# Community > Projectile and Factory Ammo Exchange >  WTT 270 projectiles

## Tentman

Hello Guys

I'm after a few different 270 projectiles in 130 grain size to work up a load for a rifle.

I have to trade various 243, 257 (including Partitions, Accubonds and Interbonds)  and a few 9.3 projectiles.

Please PM or email me prices at slingshot.co.nz.

Ta

----------


## dogmatix

I can give you some Sierra 130gn Gamekings for free. PM your addy.

----------


## Tentman

The projectiles arrived - many thanks and much kudos to Dogmatix for helping out, man there are some good buggers in the world.

Cheers - Foster

----------


## puku

Hey Foster,
I think I may have some 130 gr .277 projectiles around here.  But will have to check, Definitely got some 130 accubonds.  Maybe some Hornady Interlocks.
Would you be interested in either of those?

kyle

----------


## geezejonesy

i dont have any 270s to trade  but am interested in your 257s & 243s what do you have and how many ? 
what would you want for them?

----------


## Tentman

Kyle - a few of the interlocks would be great if you can put your hand on them, I'm hoping to only use "plain ol' cup and core boolets" in my 270.

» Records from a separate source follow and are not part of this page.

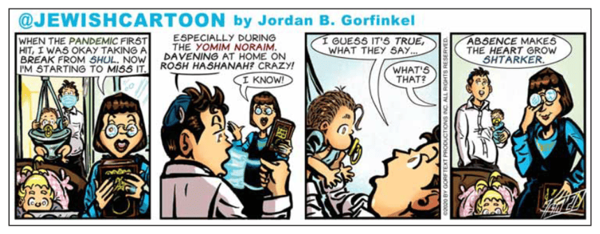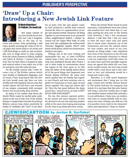 When the Jewish Week closed its print operation, I immediately went into action and emailed Gorf and asked him to consider moving his strip over to The Jewish Link. However, I had a few recommendations. I told him that I did not want to have the exact same strip and asked him to move some characters out of the brownstone and into the suburbs where his new readers and much of our community are living today. I also explained that some of the characters in the old strip were not necessarily characters to whom I and our readership could fully relate. After some back and forth and light negotiations, we agreed that while the core characters would remain, the new strip would evolve with a new focus and a new character or two, and ultimately, would be a brand new comic strip.
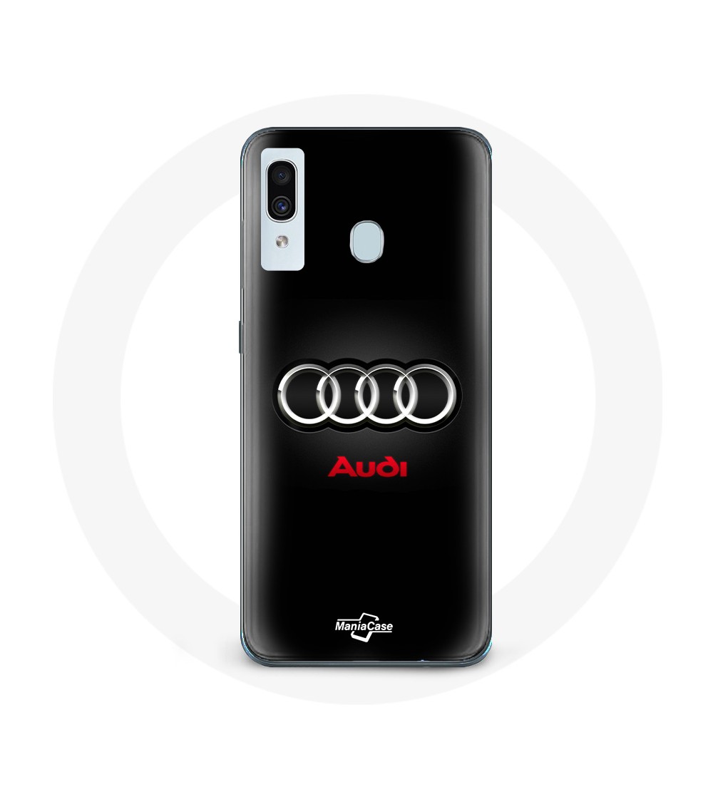 Coque de protection pour Samsung Galaxy A40 Audi Logo Métal fond noir
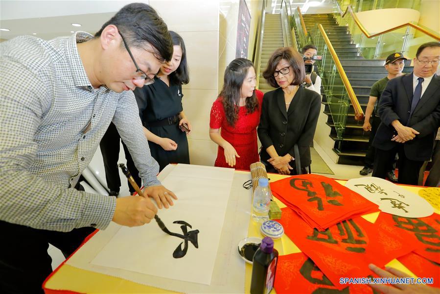 PHNOM PENH, febrero 18, 2019 (Xinhua) -- La princesa de Camboya, Norodom Buppha Devi (c-d), visita una estand que exhibe caligrafía china durante la exposición "Percibiendo la Semana de la Cultura China-Jiangsu" en Phonm Penh, Camboya, el 18 de febrero de 2019. La exposición "Percibiendo la Semana de la Cultura China-Jiangsu" comenzó el lunes en Phonm Penh, con el objetivo de fortalecer los intercambios culturales y mejorar la amistad entre China y Camboya. (Xinhua/Phearum)
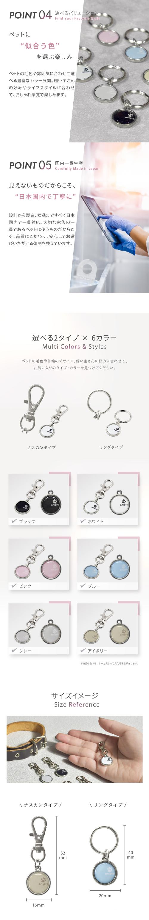 | 本体サイズ[重量] | ナスカンタイプ:W17mm×H54mm×D7mm [5g] リングタイプ:W20mm×H42mm×D7mm [4g] |
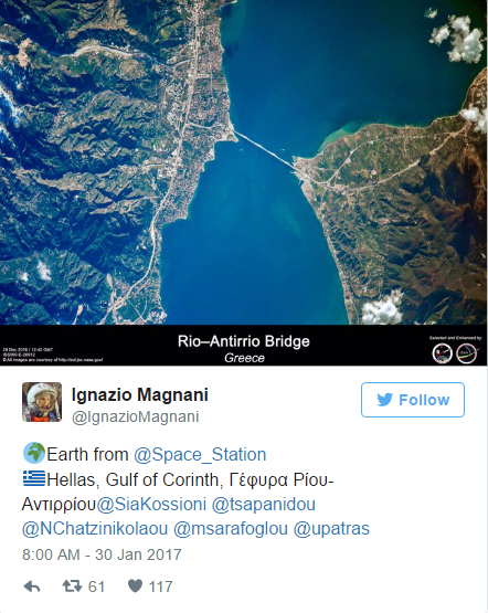 Δεν είναι η πρώτη φορά που ο Ιταλός αστροναύτης αφιερώνει κάποια ανάρτηση στη χώρα μας. Από την αρχή του ταξιδιού του, έχει ανεβάσει πολλές φωτογραφίες της Ελλάδας από το διάστημα. Η τελευταία του ανάρτηση μάλιστα έγινε μόλις σήμερα το πρωί, όταν ο Μανιάνι ανήρτησε μία φωτογραφία της γέφυρας του Ρίου-Αντιρίου από τη μοναδική οπτική του γωνία.
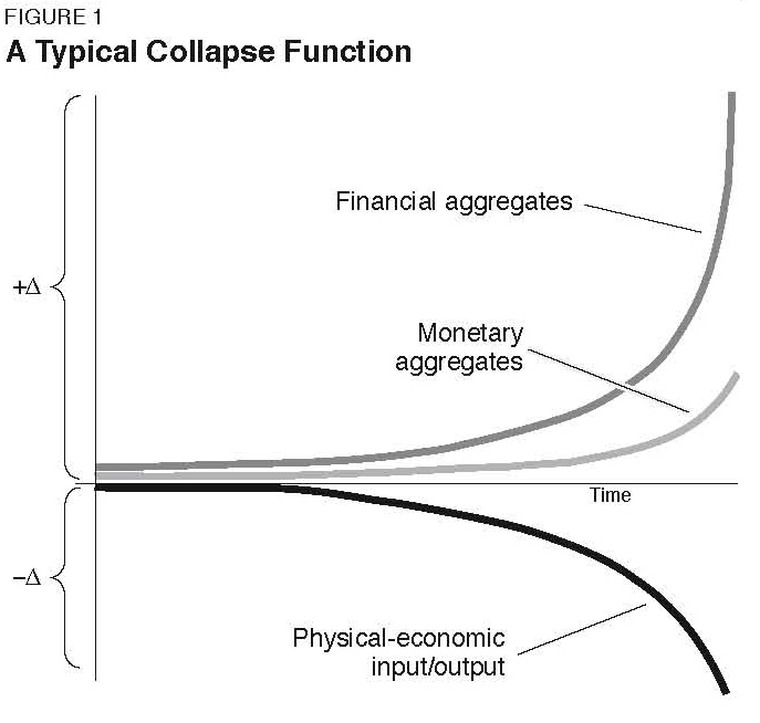 Ce gouffre entre économie monétaire et économie réelle fut schématisé par Lyndon LaRouche en 1995, dans son graphique de « triple courbe », figure 1.

Jonesy - I have a fair selection of 243 stuff, both varmint and hunting, mainly part boxes that I'm happy to give a few of to folk who want to try for load development.  Same really in 257 although I do have a couple of packets of 110 gn Interbonds that I'd sell at 75% of retail (I think they were $110 a 100 count box but I'd have to check).

I'll set too and catalouge them up over christmas

----------